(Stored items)

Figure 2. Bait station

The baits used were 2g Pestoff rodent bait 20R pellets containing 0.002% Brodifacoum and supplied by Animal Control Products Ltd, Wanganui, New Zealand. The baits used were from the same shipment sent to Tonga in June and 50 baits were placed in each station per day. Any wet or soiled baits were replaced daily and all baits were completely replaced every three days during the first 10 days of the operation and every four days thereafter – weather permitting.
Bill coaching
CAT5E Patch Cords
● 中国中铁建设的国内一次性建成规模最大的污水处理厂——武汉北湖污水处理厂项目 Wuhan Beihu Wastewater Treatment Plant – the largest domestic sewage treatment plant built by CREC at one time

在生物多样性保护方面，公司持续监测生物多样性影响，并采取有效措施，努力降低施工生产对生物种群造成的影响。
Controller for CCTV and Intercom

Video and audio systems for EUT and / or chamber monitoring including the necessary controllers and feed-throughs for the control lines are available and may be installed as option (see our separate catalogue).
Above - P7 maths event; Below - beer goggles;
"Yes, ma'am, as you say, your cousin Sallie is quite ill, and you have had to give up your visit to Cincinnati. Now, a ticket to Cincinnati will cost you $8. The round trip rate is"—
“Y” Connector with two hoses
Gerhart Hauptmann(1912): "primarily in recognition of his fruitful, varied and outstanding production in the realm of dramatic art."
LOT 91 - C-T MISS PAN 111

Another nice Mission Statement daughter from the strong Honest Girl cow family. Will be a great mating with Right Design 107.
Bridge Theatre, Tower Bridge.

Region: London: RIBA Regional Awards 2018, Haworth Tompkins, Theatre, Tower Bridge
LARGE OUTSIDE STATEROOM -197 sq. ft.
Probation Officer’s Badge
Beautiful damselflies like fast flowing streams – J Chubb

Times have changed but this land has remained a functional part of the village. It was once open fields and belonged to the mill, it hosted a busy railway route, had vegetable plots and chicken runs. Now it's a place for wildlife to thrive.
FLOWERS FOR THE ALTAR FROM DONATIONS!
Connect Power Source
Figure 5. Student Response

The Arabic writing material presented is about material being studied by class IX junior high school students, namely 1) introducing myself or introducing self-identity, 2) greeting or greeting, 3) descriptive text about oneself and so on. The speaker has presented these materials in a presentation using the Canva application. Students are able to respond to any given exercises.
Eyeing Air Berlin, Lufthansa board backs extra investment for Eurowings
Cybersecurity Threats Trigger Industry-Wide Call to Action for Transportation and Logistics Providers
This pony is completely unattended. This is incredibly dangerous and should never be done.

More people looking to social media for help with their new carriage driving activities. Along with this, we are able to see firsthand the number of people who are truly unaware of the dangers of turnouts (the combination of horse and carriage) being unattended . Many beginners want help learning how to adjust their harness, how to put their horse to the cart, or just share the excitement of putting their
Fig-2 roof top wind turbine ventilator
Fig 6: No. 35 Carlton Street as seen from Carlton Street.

---

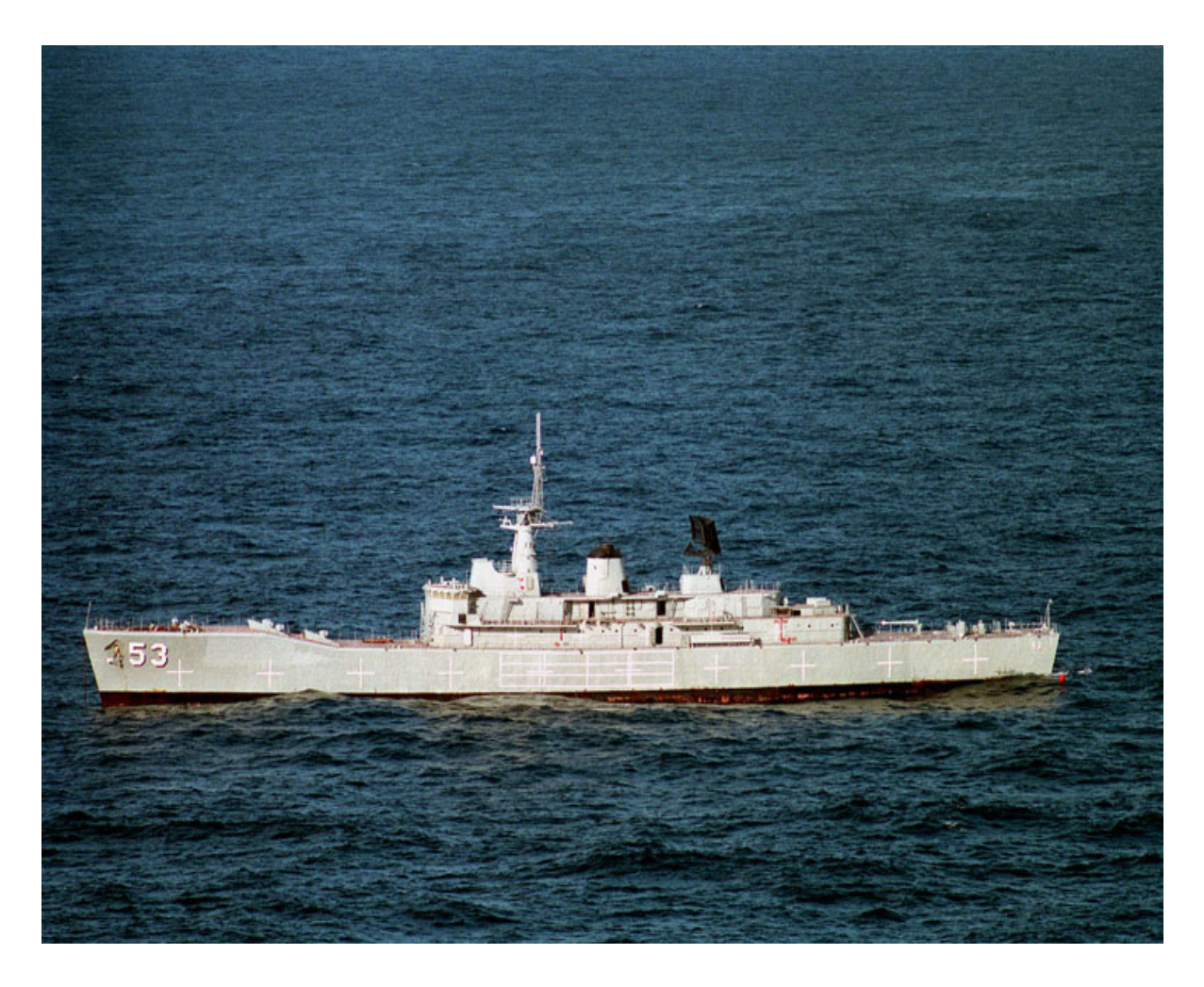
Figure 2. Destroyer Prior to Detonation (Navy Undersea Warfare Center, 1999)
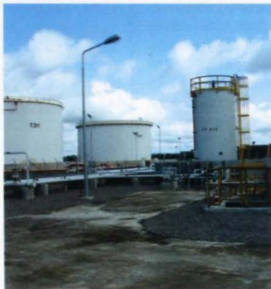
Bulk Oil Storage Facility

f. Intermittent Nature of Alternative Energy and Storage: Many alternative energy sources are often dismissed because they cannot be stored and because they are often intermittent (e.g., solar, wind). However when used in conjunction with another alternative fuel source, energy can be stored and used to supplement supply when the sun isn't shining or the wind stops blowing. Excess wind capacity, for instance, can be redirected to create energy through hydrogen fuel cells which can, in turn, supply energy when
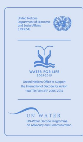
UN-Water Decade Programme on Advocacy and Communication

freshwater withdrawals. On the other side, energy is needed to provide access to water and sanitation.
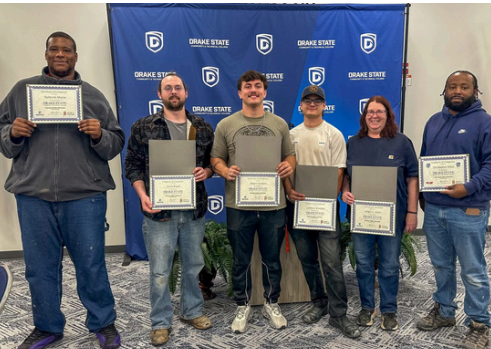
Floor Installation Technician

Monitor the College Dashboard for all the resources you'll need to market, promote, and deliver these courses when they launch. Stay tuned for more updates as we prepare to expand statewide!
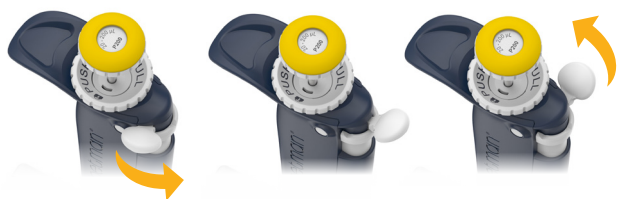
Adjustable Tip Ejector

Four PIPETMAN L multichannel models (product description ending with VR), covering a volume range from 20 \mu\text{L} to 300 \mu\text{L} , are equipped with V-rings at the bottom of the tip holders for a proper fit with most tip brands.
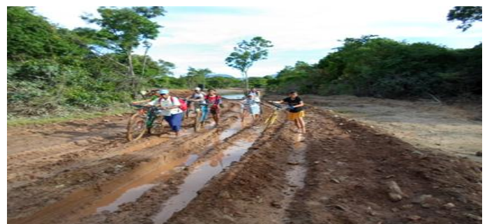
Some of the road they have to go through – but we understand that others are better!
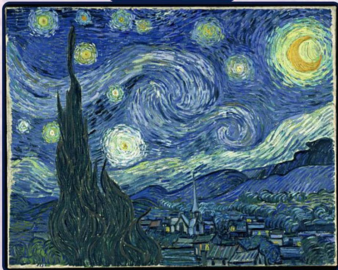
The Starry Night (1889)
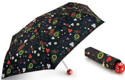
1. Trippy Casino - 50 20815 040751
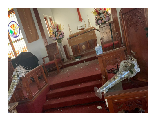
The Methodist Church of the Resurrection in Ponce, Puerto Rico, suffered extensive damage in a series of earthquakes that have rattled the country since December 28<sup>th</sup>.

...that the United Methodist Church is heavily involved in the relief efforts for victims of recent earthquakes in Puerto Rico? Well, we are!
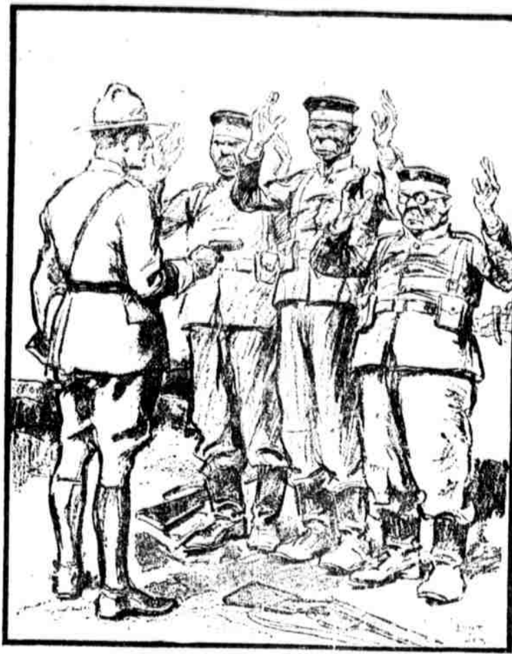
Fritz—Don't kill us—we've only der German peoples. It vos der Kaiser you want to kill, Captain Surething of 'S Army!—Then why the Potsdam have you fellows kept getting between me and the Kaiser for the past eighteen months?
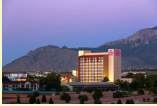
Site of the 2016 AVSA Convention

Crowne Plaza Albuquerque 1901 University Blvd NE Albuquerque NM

*Work task*
Where the string "Figure" turns up in a line of the data above, copy that whole line.

*Response to this exercise*
Figure 2. Bait station
Figure 5. Student Response
Figure 2. Destroyer Prior to Detonation (Navy Undersea Warfare Center, 1999)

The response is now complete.